◆ INFORMATION SUPPLIED ◆
╭──
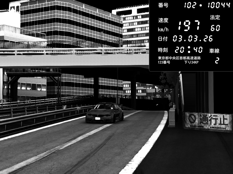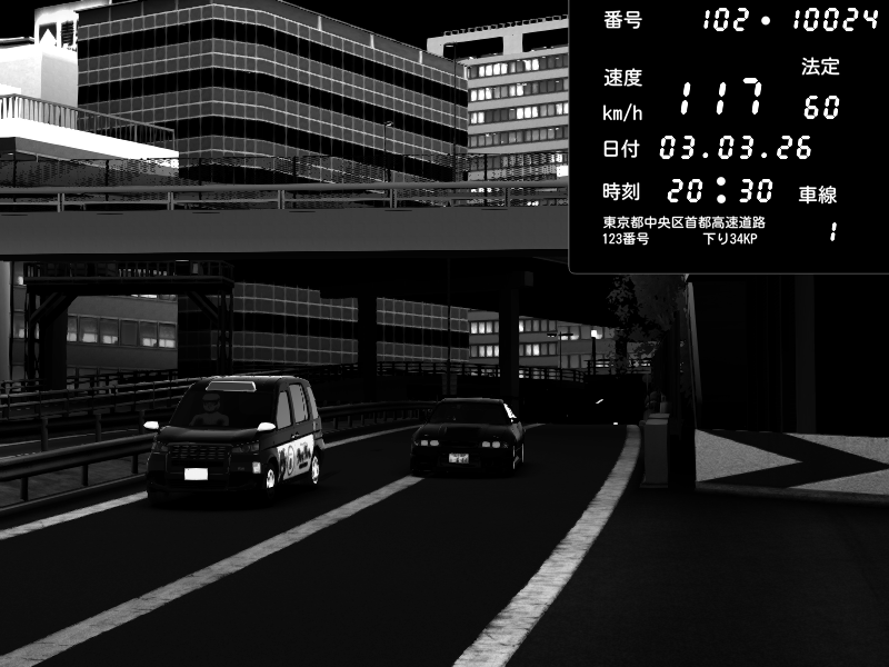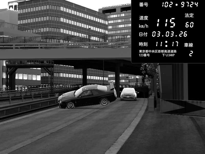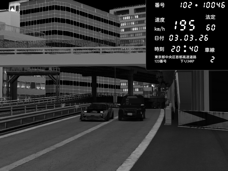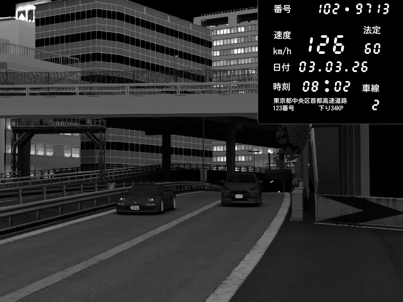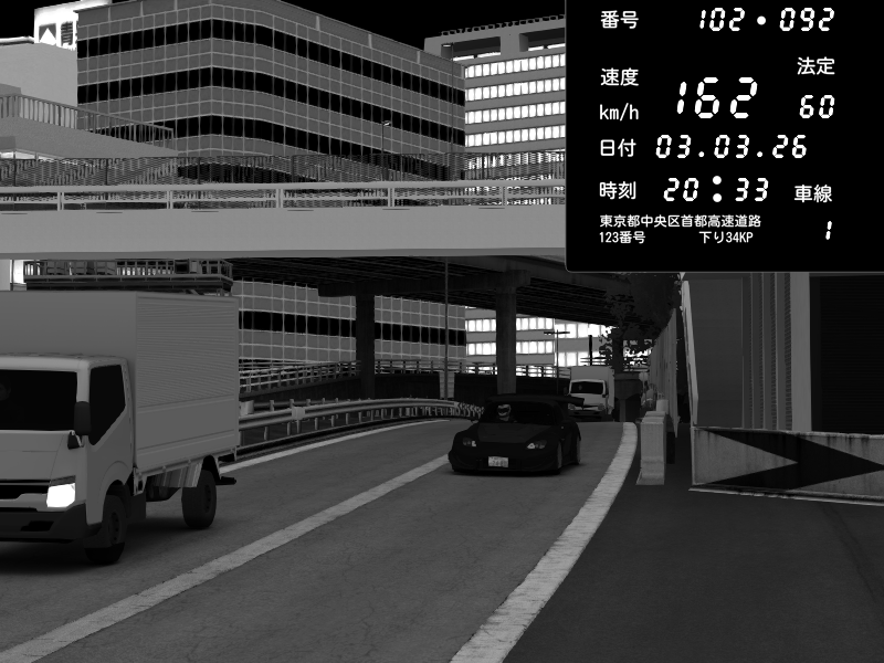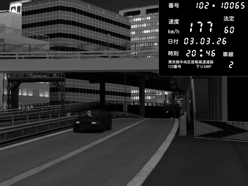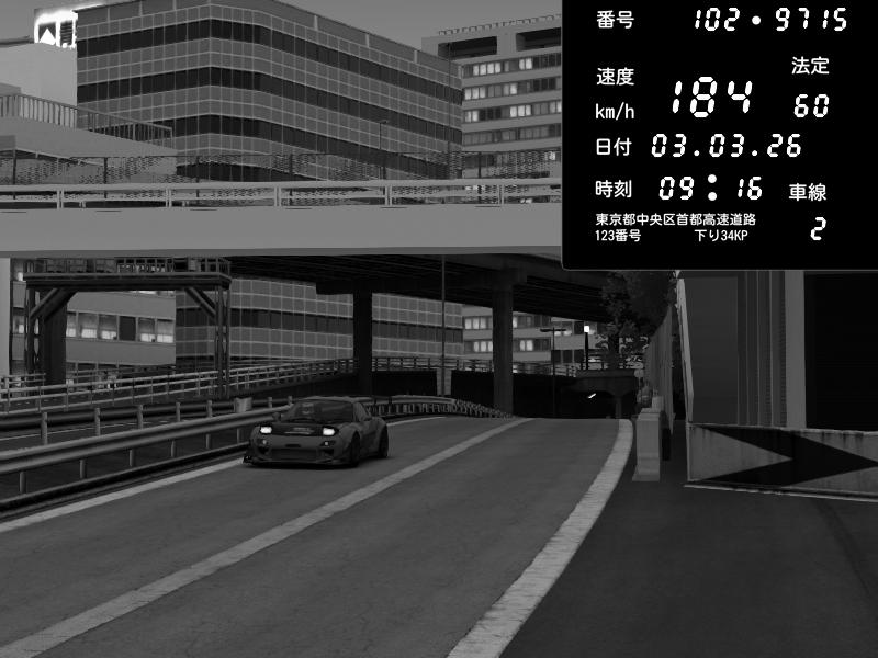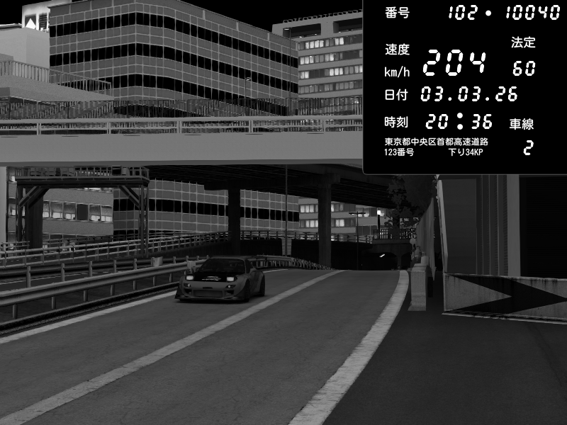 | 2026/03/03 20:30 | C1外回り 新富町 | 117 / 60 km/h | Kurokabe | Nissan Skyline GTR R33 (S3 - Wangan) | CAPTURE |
╰──
╭──
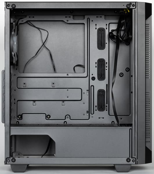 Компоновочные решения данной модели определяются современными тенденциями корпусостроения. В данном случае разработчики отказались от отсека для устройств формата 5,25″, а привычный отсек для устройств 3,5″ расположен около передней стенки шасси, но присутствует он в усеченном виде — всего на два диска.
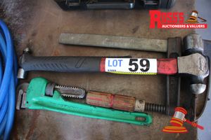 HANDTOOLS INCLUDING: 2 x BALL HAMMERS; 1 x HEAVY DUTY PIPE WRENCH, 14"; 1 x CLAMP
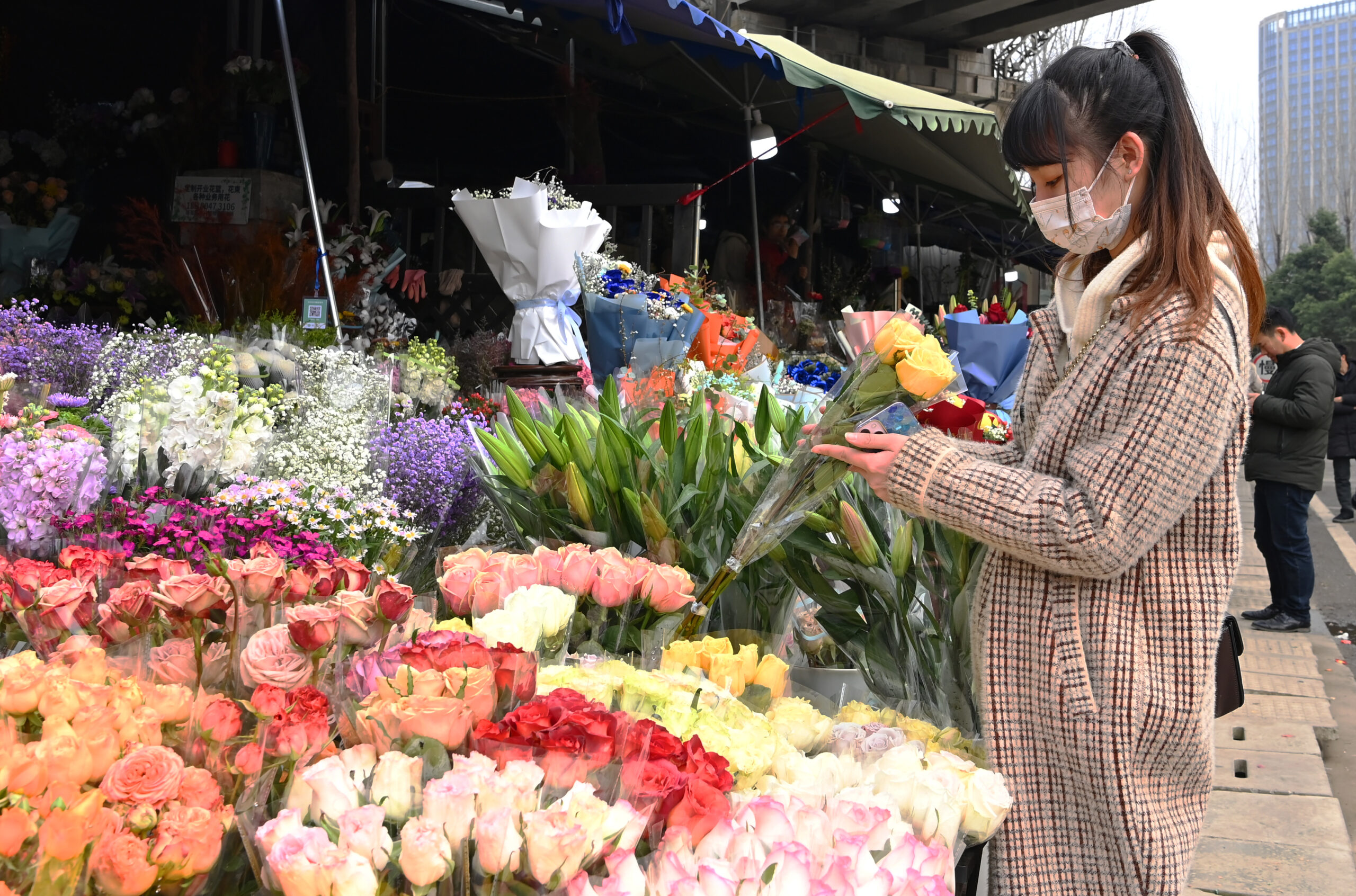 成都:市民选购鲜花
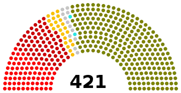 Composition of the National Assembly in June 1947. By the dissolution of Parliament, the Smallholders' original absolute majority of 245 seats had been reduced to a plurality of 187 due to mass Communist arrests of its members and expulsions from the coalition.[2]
╰──
╭──
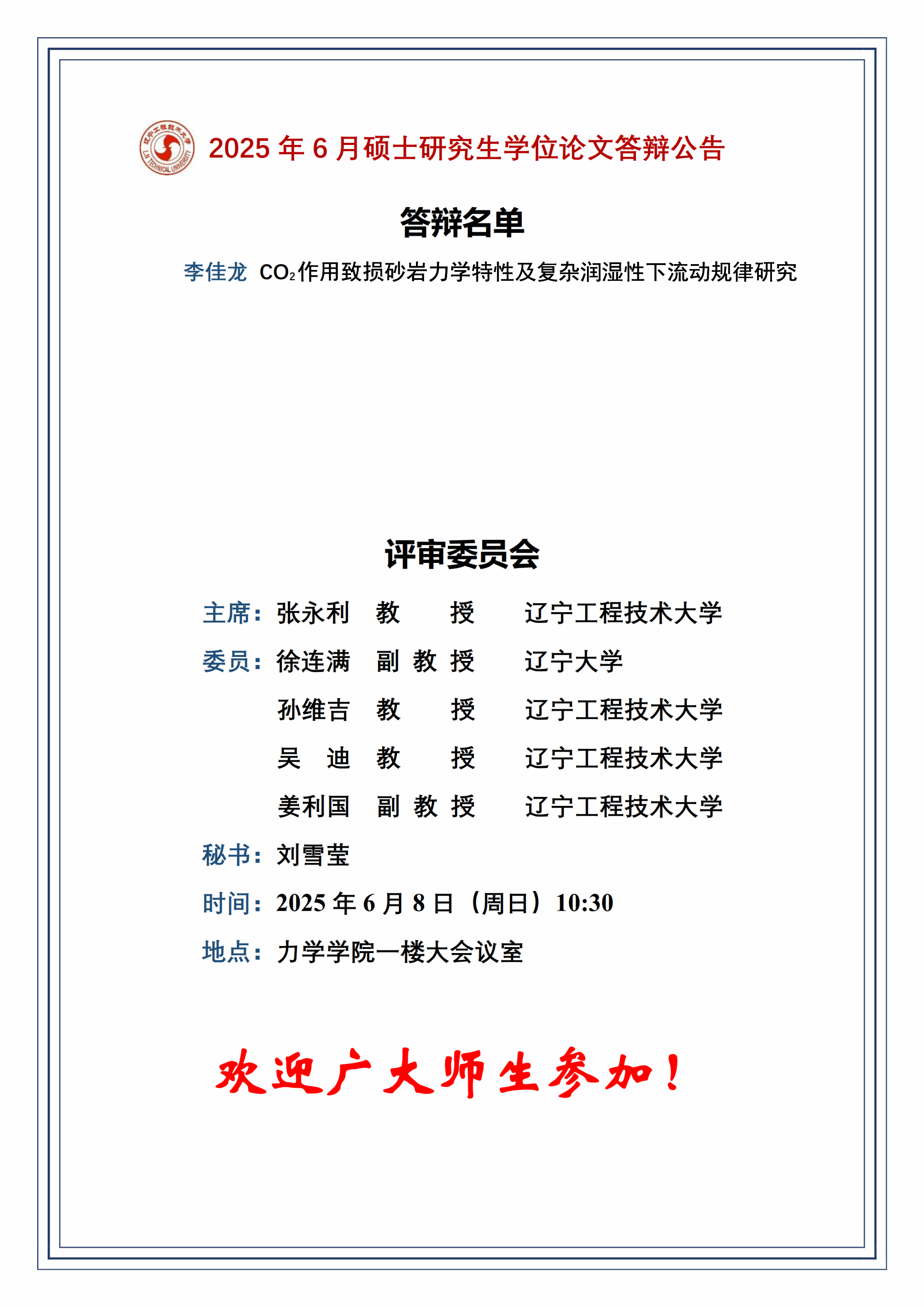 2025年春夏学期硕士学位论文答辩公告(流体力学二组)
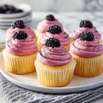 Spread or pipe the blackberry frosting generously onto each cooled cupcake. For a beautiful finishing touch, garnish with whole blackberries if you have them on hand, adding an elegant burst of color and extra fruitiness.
╰──
◆ EXERCISE DESCRIPTION ◆
Using the material above, reproduce only the lines that run from the line with "HANDTOOLS INCLUDING: 2" up to and including the line with "Composition of the", exactly, with the pictures dropped.

◆ YOUR SOLUTION ◆
 HANDTOOLS INCLUDING: 2 x BALL HAMMERS; 1 x HEAVY DUTY PIPE WRENCH, 14"; 1 x CLAMP
 成都:市民选购鲜花
 Composition of the National Assembly in June 1947. By the dissolution of Parliament, the Smallholders' original absolute majority of 245 seats had been reduced to a plurality of 187 due to mass Communist arrests of its members and expulsions from the coalition.[2]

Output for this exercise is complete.